With leaders, you can usually feel a presentation of self that they engage when they get behind their podium. It is a specific artificial version of themselves that they’ve vetted to be displayed especially with God as witness. Their voice raises an octave or they move their eyes on cue, and you can tell they are performing. But seeing my mom on the pulpit that day she felt more real than I’ve ever seen her before. As if she was meeting herself for the first time. Then she laid herself bare as she testified about her feelings of loneliness and sorrow. And how she burst into tears when Sister Taylor gave her a hug this morning because she forgot what it felt like to be touched with such care. It was then that she filled me. I sobbed listening to her testimony and at how disgustingly human she had been all along. She told me I must always know God even when I don’t believe I must know God. She was pleading. It was her way of giving me the parts of herself I needed that were lost in the years of her own story. She was giving me air and throwing me into the sky. In knowing god I found you.

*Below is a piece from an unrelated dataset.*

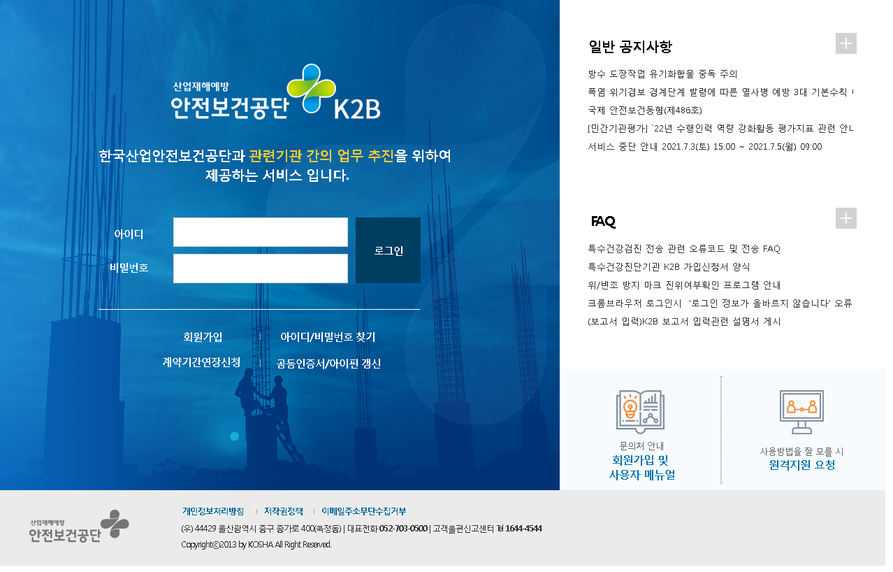 관련 업무를 진행할 수 있는 한국산업안전보건공단 온라인 홈페이지는 K2B 로그인을 통하여 접속이 가능하며, 사용방법을 잘 모를 시에는 원격 지원 요청이 가능하다고 합니다.

I lost the love of my life and I wish you would call me. I wish you would tell me I will be loved bigger. That I am loved. That being left doesn’t make it less real. It doesn't make me less. I wish you would tell me one day I’ll look back and be glad he left when he did. And those holes from the pieces of me that he still holds are only garden beds for new growth. I wish she was here in my bed to hold me while I cried. I wish she would hold me. I wish I could hate her. And be angry and scream. I wish she would love me in a way that fits. I would tell her she should feel awful for disappearing when she was needed most. That she isn’t allowed to be sad and be a mother. I wish I could make her hate herself as much as I hate me. And that she would love me anyway. Could she love me then? Could she love me through hate, how I’ve loved her?